I am using transformers for a time series forecasting task. The following is my mask code, and transformer code. I am having a few issues, one of which is that the validation MAE is 0, but during inference the model performs very poorly (I think there may be other problems allowing the model to perform perfectly, but I wanted to start here). I figured it may be due to an improper implementation of the mask. Any help would be greatly appreciated. In order to check my hypothesis, I also set the masks to all 0’s, and nothing changed.

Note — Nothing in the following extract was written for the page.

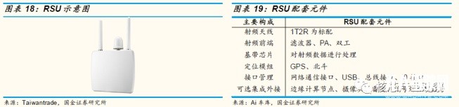 路側單元(RSU)類似于通信“小基站”,主要由射頻模組構成,也根據終端應用的場景外接各類不同設備。RSU 安裝在路側,采用 DSR 技術,與車載單元 OBU 進行通訊,實現車輛身份識別,電子扣分的裝置。主要功能包括:接收與發送數據,作為車聯網信息中轉站;感知道路狀態;執行信號燈操作;對接路側可變信息牌等。區別于車載終端,路側單元與中國的交通系統和交通環境有密切的耦合性與相關性。目前的 RSU 供應商主要來自于自主企業,包括大唐、華為、東軟、星云互聯、金溢科技、千方科技、萬集科技等。

Any ideas as to why that would be as well?

mask code:

```
def mask(dim1: int, dim2: int):
return torch.triu(torch.ones(dim1, dim2) * float('-inf'), diagonal=1)
```

transformer code:

class Model(nn.Module):

```
def __init__(self,
d_model = int,
heads = int,
dropout = float,
dim_feedforward = int,
stack = int,
# [Embedding]
channel_in = int,
window_size = int,
pred_size = int
):
super(Model, self).__init__()
def mask(dim1: int, dim2: int):
return torch.triu(torch.ones(dim1, dim2) * float('-inf'), diagonal=1)
self.embedding = Embedding(channel_in=channel_in, window_size=window_size)
# [Encoder]
encoder_layer = nn.TransformerEncoderLayer(d_model=d_model, nhead=heads, dim_feedforward=dim_feedforward, dropout=dropout, activation='gelu',batch_first=True, norm_first=True,)
self.encoder = nn.TransformerEncoder(encoder_layer=encoder_layer, num_layers=stack, norm=nn.LayerNorm(d_model))
# [Mask]
self.tgt_mask = mask(pred_size, pred_size).to(DEVICE)
self.src_mask = mask(pred_size, window_size).to(DEVICE)
# [Decoder]
decoder_layer = nn.TransformerDecoderLayer(d_model=d_model, nhead=heads, dim_feedforward=dim_feedforward, dropout=dropout, activation='gelu', batch_first=True, norm_first=True,)
self.decoder = nn.TransformerDecoder(decoder_layer=decoder_layer, num_layers=stack, norm=nn.LayerNorm(d_model))
self.out = nn.Linear(d_model, 1)
def forward(self, x, tgt):
x = self.embedding(x)
tgt = self.embedding(tgt)
memory = self.encoder(x)
out = self.decoder(tgt, memory, self.tgt_mask, self.src_mask)
out = self.out(out)
return out
```

P.S. I apologize in advance for the wierd formatting. I am new to pytorch forums, and don’t know how to make it so all the code bits are greyed out. If anyone knows how to do that, it may help in future questions.